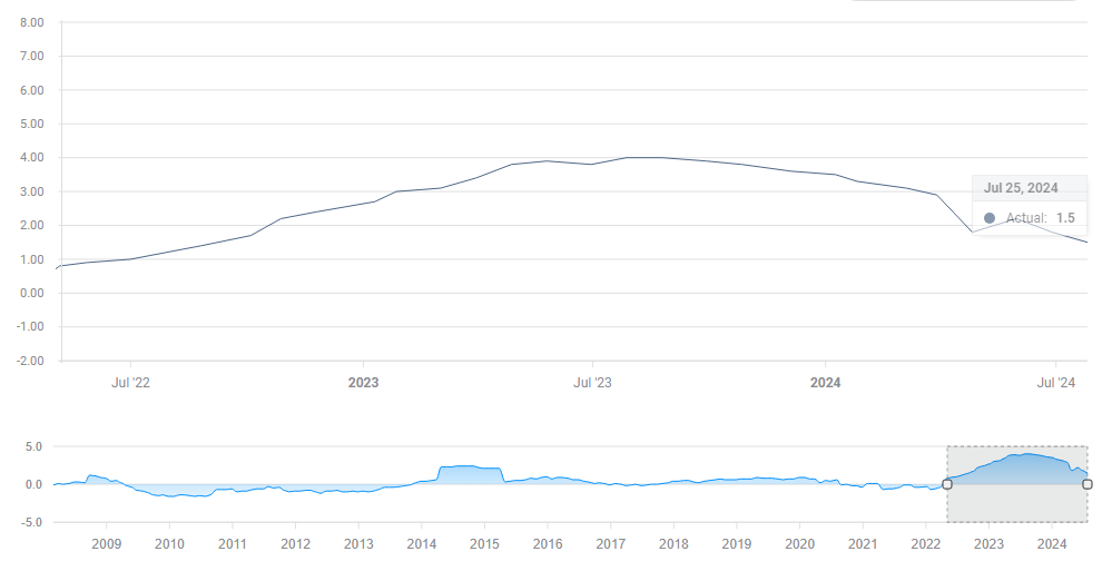 الأربعاء، الساعة 18:00 بتوقيت جرينتش، مؤتمر صحفي الساعة 18:30 بتوقيت جرينتش. قرار ما قبل خفض سعر الفائدة؟ هذا ما تتوقعه الأسواق من الاحتياطي الفيدرالي. كان التضخم في الولايات المتحدة يتراجع في الربع الثاني، مما يمنح بنك الاحتياطي الفيدرالي مزيدًا من الثقة لاتخاذ قرار بخفض أسعار الفائدة. في حين أن هذا لن يحدث الآن، فمن المرجح أن يشير رئيس مجلس الاحتياطي الفيدرالي جيروم باول وزملاؤه إلى أن التحرك في سبتمبر أمر متوقع الحدوث.
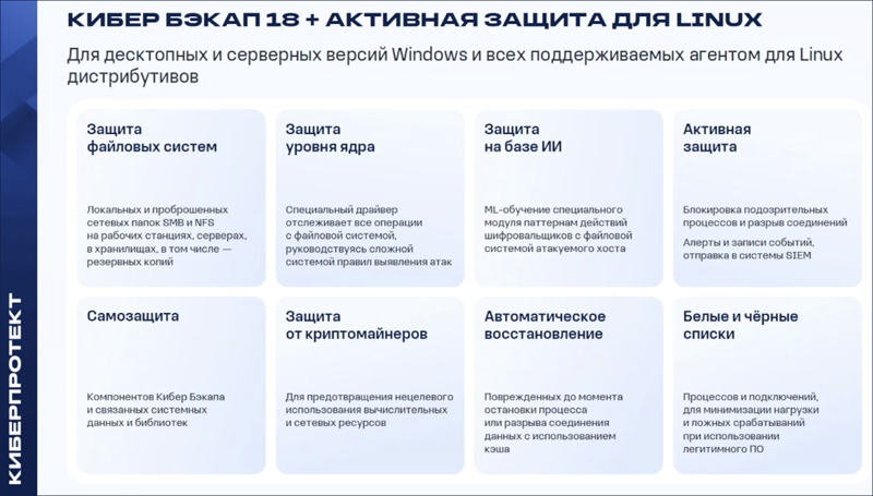 Дополнительно разработчиками была актуализирована поддержка операционных системы семейства Linux — теперь «Кибер Бэкап» поддерживает платформы с версиями ядра вплоть до 6.14. Кроме того, в агент для ОС Linux теперь входит модуль активной защиты от вирусов-шифровальщиков, позволяющий распознавать типичные паттерны действий вредоносного ПО. Модуль агента резервного копирования способен в реальном времени выявлять подозрительные операции, останавливать процессы и разрывать удалённые подключения, а также автоматически восстанавливать повреждённые данные.
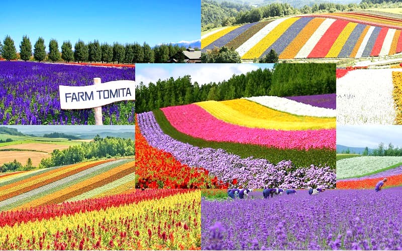 Nông trang Tomita, nơi những thảm hoa được trồng theo phong cách cầu vồng là địa điểm thu hút khách du lịch đến nhiều nhất. Các loài hoa oải hương mọc bao phủ cả triền đồi. Đứng từ phía núi Tokachi nhìn xuống, du khách sẽ không khỏi choáng ngợp trước vẻ đẹp của loài hoa màu tím này.
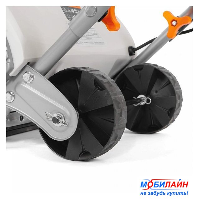 ручной, аккумуляторный двигатель, захват 40x20 см, выброс на 6 м
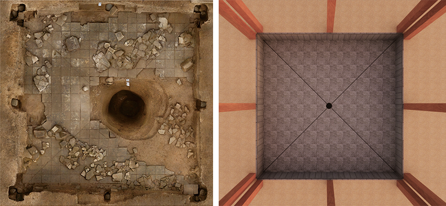 中部夯土臺(tái)基的中心發(fā)現(xiàn)一處神秘的半地穴空間。它的地面鋪素磚,四壁貼壁磚并用鐵釘固定,各磚縫之間還用特殊材料專門(mén)做了“美縫”處理。種種跡象表明此處可能是一個(gè)“水池”,但中間被一口豎井狀大坑破壞。
▬▬▬▬▬▬
Where an entry contains an image, skip the image and write out the rest exactly.

 الأربعاء، الساعة 18:00 بتوقيت جرينتش، مؤتمر صحفي الساعة 18:30 بتوقيت جرينتش. قرار ما قبل خفض سعر الفائدة؟ هذا ما تتوقعه الأسواق من الاحتياطي الفيدرالي. كان التضخم في الولايات المتحدة يتراجع في الربع الثاني، مما يمنح بنك الاحتياطي الفيدرالي مزيدًا من الثقة لاتخاذ قرار بخفض أسعار الفائدة. في حين أن هذا لن يحدث الآن، فمن المرجح أن يشير رئيس مجلس الاحتياطي الفيدرالي جيروم باول وزملاؤه إلى أن التحرك في سبتمبر أمر متوقع الحدوث.
 Дополнительно разработчиками была актуализирована поддержка операционных системы семейства Linux — теперь «Кибер Бэкап» поддерживает платформы с версиями ядра вплоть до 6.14. Кроме того, в агент для ОС Linux теперь входит модуль активной защиты от вирусов-шифровальщиков, позволяющий распознавать типичные паттерны действий вредоносного ПО. Модуль агента резервного копирования способен в реальном времени выявлять подозрительные операции, останавливать процессы и разрывать удалённые подключения, а также автоматически восстанавливать повреждённые данные.
 Nông trang Tomita, nơi những thảm hoa được trồng theo phong cách cầu vồng là địa điểm thu hút khách du lịch đến nhiều nhất. Các loài hoa oải hương mọc bao phủ cả triền đồi. Đứng từ phía núi Tokachi nhìn xuống, du khách sẽ không khỏi choáng ngợp trước vẻ đẹp của loài hoa màu tím này.
 ручной, аккумуляторный двигатель, захват 40x20 см, выброс на 6 м
 中部夯土臺(tái)基的中心發(fā)現(xiàn)一處神秘的半地穴空間。它的地面鋪素磚,四壁貼壁磚并用鐵釘固定,各磚縫之間還用特殊材料專門(mén)做了“美縫”處理。種種跡象表明此處可能是一個(gè)“水池”,但中間被一口豎井狀大坑破壞。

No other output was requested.